PROBLEM TO WORK ON:
Pull each line holding the word "Lazarus" from the data.

INPUT:
BEGIN

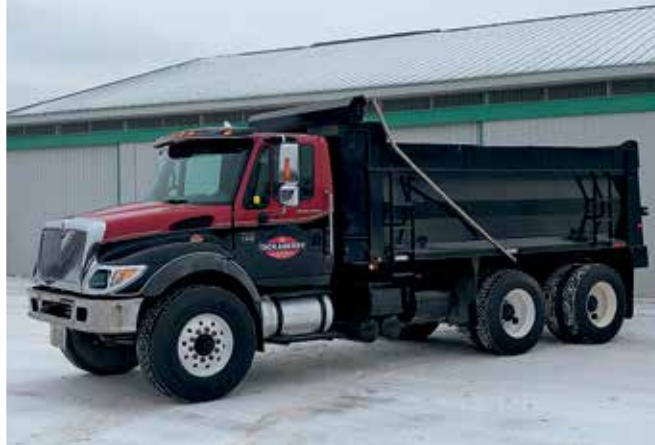
International 7400 WorkStar
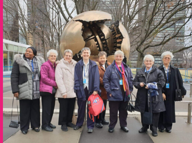
Left: UNANIMA International Board Meeting - February 2020
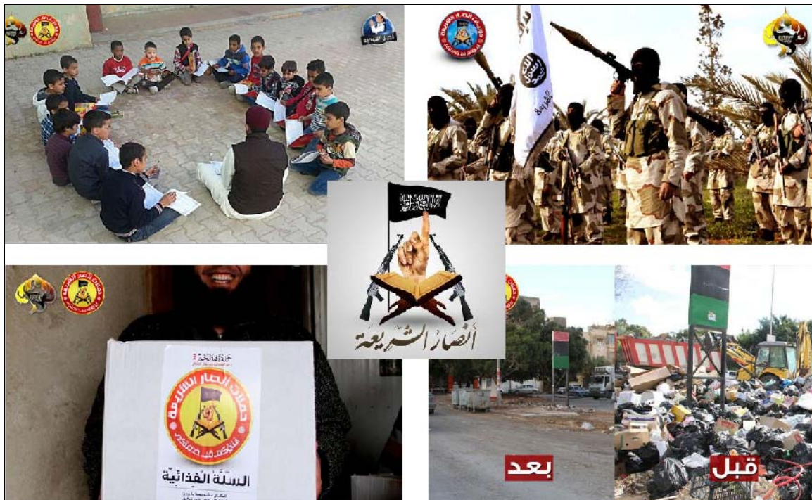
Figure 3. Recent Ansar al Sharia Imagery from Libya and Syria
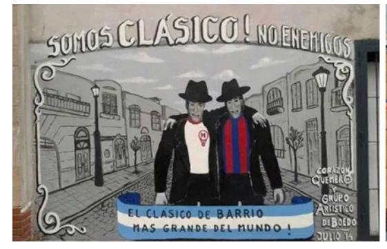
Figure 2 Evolution of the mural made by GAB and Corazón Quemero.

A first version of the mural, painted in 2014 depicted two fans who, while each wore his respective club shirt, resembled each other insofar as they also wore Buenos Aires' traditional clothing —with jacket and hat— and were set against an old street scene. The 'tradition' theme was stressed by using a black-and-white background showing a cobbled, lantern-lined street, with old-fashioned lettering and flourishes for the headline slogan. A second version of the mural, released in 2019, abandoned the traditional theme and joined the feminist agenda that had gained ground in recent years. For a sport traditionally linked to male honor (Alabarces, Garriga Zucal, & Moreira, 2008), the choice of two girls to represent the idea of "We are pals, not foes" remained fresh. The figures also gained prominence as they were much larger and the background also changed, with a colorful aesthetic depicting the neighborhood landscape found in both Boedo and Parque Patricios. Unfortunately, this mural was vandalized, suggesting social solidarity is still sorely needed (Figure 2).
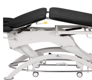
Drainage with gas spring or electric motor
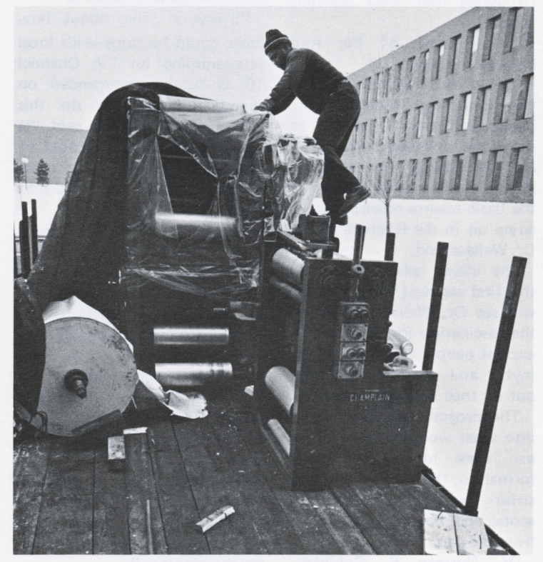
Gravure press being unloaded on campus.

"We are very grateful for the company's continued interest and support of the Institute, particularly in these challenging cont'd p. 4
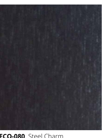
ECO-080 Steel Charm
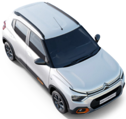
POLAR WHITE BODY
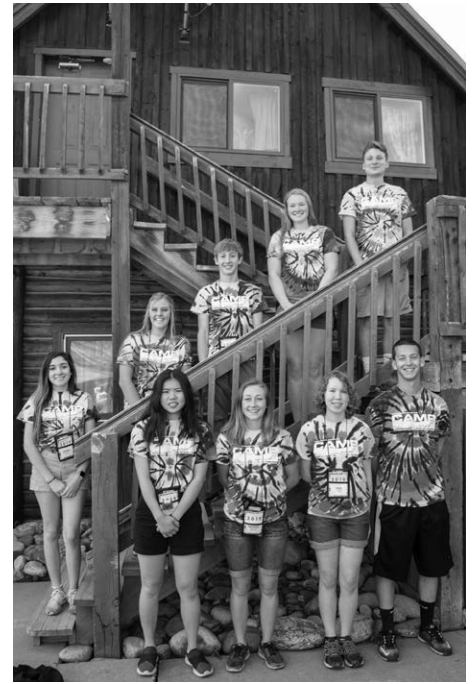
▲ Students from four states get acquainted at Leadership Camp.
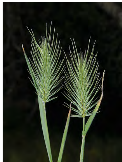
MEDITERRANEAN BARLEY (Hordeum marinum subsp. gussoneanum) Naturalized Annual - Grass Family - (Apr-Jun) - Dry to moist, disturbed sites - Stem 4-20". Leaf blades to 32" long, auricles < 0.08". Central lemma awn 0.25-0.7" long. INVASIVE weed.
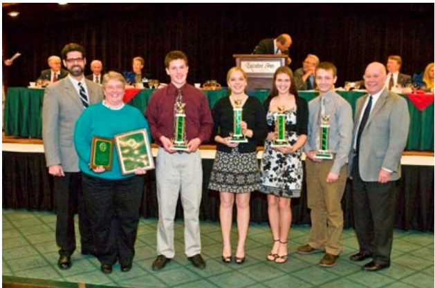
Top team overall, Pennsylvania
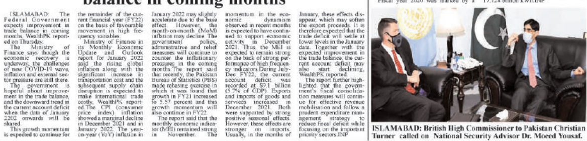
ISLAMABAD: British High Commissioner to Pakistan Christian Turner called on National Security Advisor Dr. Moeed Yusuf.
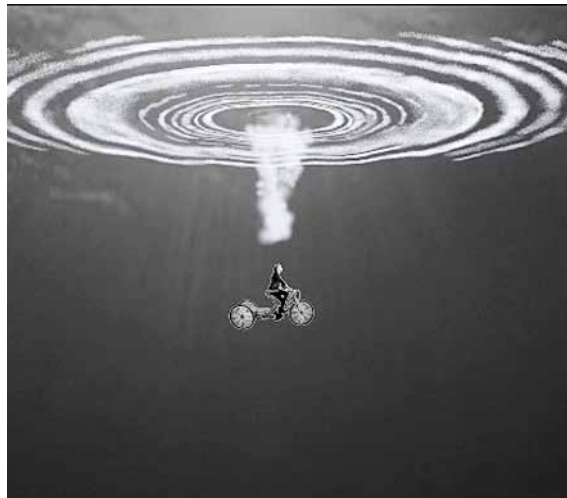
Lazarus sinking beneath the water toward Hades, video still

ACT THREE: In the Escapist Land (Ecstasia) Lazarus meets the Psychology Police, who guide him through the Flee Market, where he changes his bicycle to a tricycle.
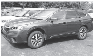
2020 Subaru Outback AWD, moon roof, huge screen, 173 K miles. $17,495 As low as $276 a month
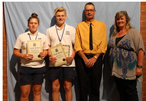
Secondary Sportswoman and Sportsman Achievement
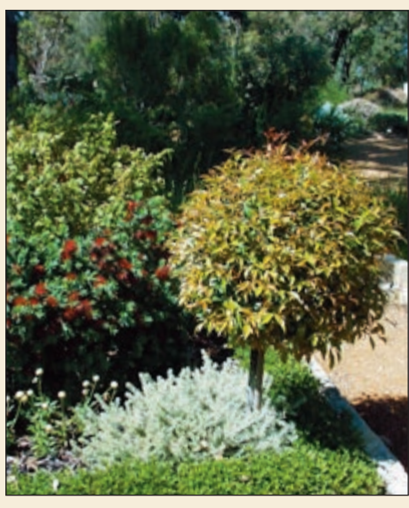
Formal Display Gardens

To our surprise, there are now four more eggs in the box, which should hatch in late November. Call in and see the action live on the Birdcam monitor in the nursery shop.
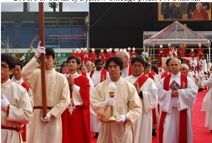
This is a celebration of the benedictions of 188 Japanese martyrs, held at Nagasaki Prefectural Baseball Stadium in 2008. Among them were Japanese members of the Augustinian Order, so Pope Leo XIV attended as the Superior General of the Augustinian Order. I was also at the venue. I am deeply moved.

← Pictures provided by nurses from each country.

END

ANSWER SECTION:
Lazarus sinking beneath the water toward Hades, video still
ACT THREE: In the Escapist Land (Ecstasia) Lazarus meets the Psychology Police, who guide him through the Flee Market, where he changes his bicycle to a tricycle.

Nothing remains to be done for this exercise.